Thyroid masses are the most frequently encountered type of anterior neck mass. Thyroid cancer is steadily becoming more widespread, and it is the most common cancer in women. The majority of patients are now diagnosed at an early age [14,18,42]. Most patients undergoing thyroidectomy have an excellent oncologic prognosis. Current open thyroidectomy allows direct access to the surgical site to enable safe and quick surgery, resulting in lower morbidity. However, this procedure causes scarring in the front of the neck. Some of the scars heal well and merge with the neck wrinkles, but others may heal with hypertrophy. Naturally, patients want to avoid such visible scars [10,14,17].
As a result, various surgical methods have been developed to minimize anterior neck scars or to allow scar formation in a location that can be easily covered. Several endoscopic approaches have been developed, including transaxillary and retro-auricular approaches. These surgical methods result in satisfactory cosmetic results and provide a wide surgical field of view with greater magnification [43]. However, the scars are often extensive and invasive, due to wide subcutaneous dissection of the chest and neck. Therefore, these scars do not correspond to those resulting from minimally invasive surgery, which has been discussed recently [19]. Thus, these endoscopic thyroidectomies are considered only as a “transition phase” between open surgery and truly non-invasive surgery.
Before performing transoral thyroid surgery, it is important to understand the anatomical safety zone from the mouth to the thyroid. Although transoral thyroidectomy using gas and a trocar has already been used in certain patients, mental nerve damage and CO2 gas-related complications (e.g., CO2 embolism) are still a concern [5,9,44].
Based on anatomical studies, we defined the range of the safety zone and applied it in transoral thyroidectomy [45]. The safety zone is trapezoidal in shape and located in the oral vestibule, so we made an inverted U-shaped incision on the vestibule. We then created an accessible passage using a retractor, which does not require the use of gas. This approach shows the feasibility of a gasless transoral approach, and allows access to the thyroid gland without any damage to the mental nerve and the facial nerve marginal branch. In addition, even large specimens can be removed intact without splitting or crushing through the incision site.
However, transoral thyroidectomy is not recommended for patients with tracheal invasion or anatomical defects, because this approach has only recently been developed and requires further refinement, and the above-mentioned study is just one of several trials. Nonetheless, it is anticipated that the transoral approach will eventually replace the transaxillary or bilateral axillo-breast approach, because it is less invasive and scar-free.

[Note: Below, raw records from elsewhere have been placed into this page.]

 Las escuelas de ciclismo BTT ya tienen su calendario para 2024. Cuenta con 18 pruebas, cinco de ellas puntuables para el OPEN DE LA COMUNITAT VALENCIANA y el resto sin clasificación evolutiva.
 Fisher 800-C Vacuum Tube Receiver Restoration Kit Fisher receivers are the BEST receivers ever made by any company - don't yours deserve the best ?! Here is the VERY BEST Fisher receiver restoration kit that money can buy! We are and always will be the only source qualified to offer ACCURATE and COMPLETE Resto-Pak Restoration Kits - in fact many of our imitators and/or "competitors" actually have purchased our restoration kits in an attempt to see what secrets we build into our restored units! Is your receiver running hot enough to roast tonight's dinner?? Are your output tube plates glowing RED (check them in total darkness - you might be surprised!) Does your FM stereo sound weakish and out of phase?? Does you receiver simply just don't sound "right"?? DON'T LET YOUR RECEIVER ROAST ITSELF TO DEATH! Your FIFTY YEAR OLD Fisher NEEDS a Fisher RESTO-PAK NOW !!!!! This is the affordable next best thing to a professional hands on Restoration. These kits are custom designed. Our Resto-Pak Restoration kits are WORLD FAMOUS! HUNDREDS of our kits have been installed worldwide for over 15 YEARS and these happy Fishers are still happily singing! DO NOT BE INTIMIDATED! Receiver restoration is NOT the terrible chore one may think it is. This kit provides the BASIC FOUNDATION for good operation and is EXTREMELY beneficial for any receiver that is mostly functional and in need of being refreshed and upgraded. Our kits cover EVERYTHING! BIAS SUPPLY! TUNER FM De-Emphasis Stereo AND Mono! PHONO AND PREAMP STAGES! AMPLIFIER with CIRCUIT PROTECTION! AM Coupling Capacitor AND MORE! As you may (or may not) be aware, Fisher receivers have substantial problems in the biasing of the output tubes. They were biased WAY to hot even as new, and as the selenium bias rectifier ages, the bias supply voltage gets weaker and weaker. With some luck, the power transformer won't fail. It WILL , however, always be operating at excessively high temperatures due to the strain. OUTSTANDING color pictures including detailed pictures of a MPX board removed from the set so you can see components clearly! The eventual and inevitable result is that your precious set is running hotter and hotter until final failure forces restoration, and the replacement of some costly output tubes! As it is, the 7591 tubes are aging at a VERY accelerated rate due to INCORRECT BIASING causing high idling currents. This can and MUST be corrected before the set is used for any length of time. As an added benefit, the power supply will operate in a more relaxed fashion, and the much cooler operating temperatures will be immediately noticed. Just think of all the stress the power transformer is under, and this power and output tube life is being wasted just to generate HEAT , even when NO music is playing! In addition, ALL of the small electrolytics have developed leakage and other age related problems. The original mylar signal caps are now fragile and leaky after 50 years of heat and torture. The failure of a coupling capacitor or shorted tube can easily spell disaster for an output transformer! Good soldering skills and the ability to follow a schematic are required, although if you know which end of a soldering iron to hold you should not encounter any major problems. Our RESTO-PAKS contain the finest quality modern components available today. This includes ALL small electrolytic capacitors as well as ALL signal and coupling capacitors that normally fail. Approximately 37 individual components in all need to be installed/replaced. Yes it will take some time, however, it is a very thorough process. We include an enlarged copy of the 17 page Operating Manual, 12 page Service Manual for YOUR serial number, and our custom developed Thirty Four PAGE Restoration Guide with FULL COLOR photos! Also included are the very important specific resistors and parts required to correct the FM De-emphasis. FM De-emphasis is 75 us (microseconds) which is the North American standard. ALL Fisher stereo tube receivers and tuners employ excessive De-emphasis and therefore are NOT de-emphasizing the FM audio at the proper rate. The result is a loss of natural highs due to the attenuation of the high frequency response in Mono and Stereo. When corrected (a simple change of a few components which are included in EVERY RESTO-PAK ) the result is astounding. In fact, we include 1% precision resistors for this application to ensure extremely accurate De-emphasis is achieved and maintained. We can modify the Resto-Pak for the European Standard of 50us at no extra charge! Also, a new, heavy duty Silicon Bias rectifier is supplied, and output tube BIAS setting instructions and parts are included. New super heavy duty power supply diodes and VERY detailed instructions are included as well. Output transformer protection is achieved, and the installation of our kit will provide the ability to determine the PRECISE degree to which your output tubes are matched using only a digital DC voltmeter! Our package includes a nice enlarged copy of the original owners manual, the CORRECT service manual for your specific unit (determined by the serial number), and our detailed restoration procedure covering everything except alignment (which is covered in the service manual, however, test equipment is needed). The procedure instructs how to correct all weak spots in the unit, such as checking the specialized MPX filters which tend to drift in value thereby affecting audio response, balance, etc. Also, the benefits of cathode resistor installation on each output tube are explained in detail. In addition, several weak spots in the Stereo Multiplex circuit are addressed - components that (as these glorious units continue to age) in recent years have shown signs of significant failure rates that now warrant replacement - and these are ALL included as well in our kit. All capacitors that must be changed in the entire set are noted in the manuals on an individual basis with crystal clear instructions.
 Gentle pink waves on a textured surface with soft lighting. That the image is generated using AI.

Gasless transoral thyroidectomy is characterized by three main features. First, it creates a safe zone for gasless oral thyroidectomy, which is precisely defined by anatomical landmarks and allows safe access to the thyroid gland without damaging the mental nerve or the mandibular marginal branch of facial nerve. Second, the working space is made by mechanical lifting without CO2 gas infusion, which not only provides a broader endoscopic view during surgery (without interference associated with smoke inhalation in gasless methods), but also avoids the complications associated with gas injection. The gasless method also allows operators to utilize instruments used in traditional thyroidectomy for flap incision or hemostasis. Third, a single large incision (without side-ports) provides a large working space and enables resection of a large specimen intact without cutting or crushing. Further, four or five surgical devices (rather than three) can be used in a wide working space for retraction or manipulation. Therefore, this technique not only results in scarless outcomes, but also provides the surgeon with various surgical options for neck or chest disease.

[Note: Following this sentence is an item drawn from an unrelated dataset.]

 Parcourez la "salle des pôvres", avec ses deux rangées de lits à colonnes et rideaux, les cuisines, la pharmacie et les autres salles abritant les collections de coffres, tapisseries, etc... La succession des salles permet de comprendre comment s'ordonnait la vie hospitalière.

Following general anesthesia by nasal intubation, the lower lip is pulled with a retractor and a curved incision 4–5 cm in length is made in the vestibular mucosa. The safety zone is created via a curved incision anteromedially at an angle of approximately 50° to the horizontal plane of the lower lip between the canines. The curved incision, with its sides parallel to the lateral branch of the mental nerve, is made to expose the mandibular symphysis (Fig. 4).
An incision is made in the mucosal flap to expose the surface of the mentalis muscle. The mentalis muscle is then split near the ridge of the alveolar bone and a gradual incision is made. Using an electric scalpel, the surgeon separates the lower lip and jaw flaps from the surface of the mandible and retracts them to both sides. Lifting the vestibular flap with a retractor exposes the layer of the submental muscle and eventually reveals the suprahyoid muscle of the anterior neck. Space is subsequently generated under the subplatysmal layer along the mandible.
When the space is created under the subplatysmal layer of the anterior neck, the subplatysmal flap is lifted using a retractor and fixed above the patient’s neck. Even without CO2 infusion, this anterior neck lift method efficiently creates a sufficient working space, resulting in a wide surgical field of view. An endoscope is inserted through the access for lighting and magnification. The strap muscles are split by cutting the midline and a fixed suture is made percutaneously to pull the strap muscles to both sides.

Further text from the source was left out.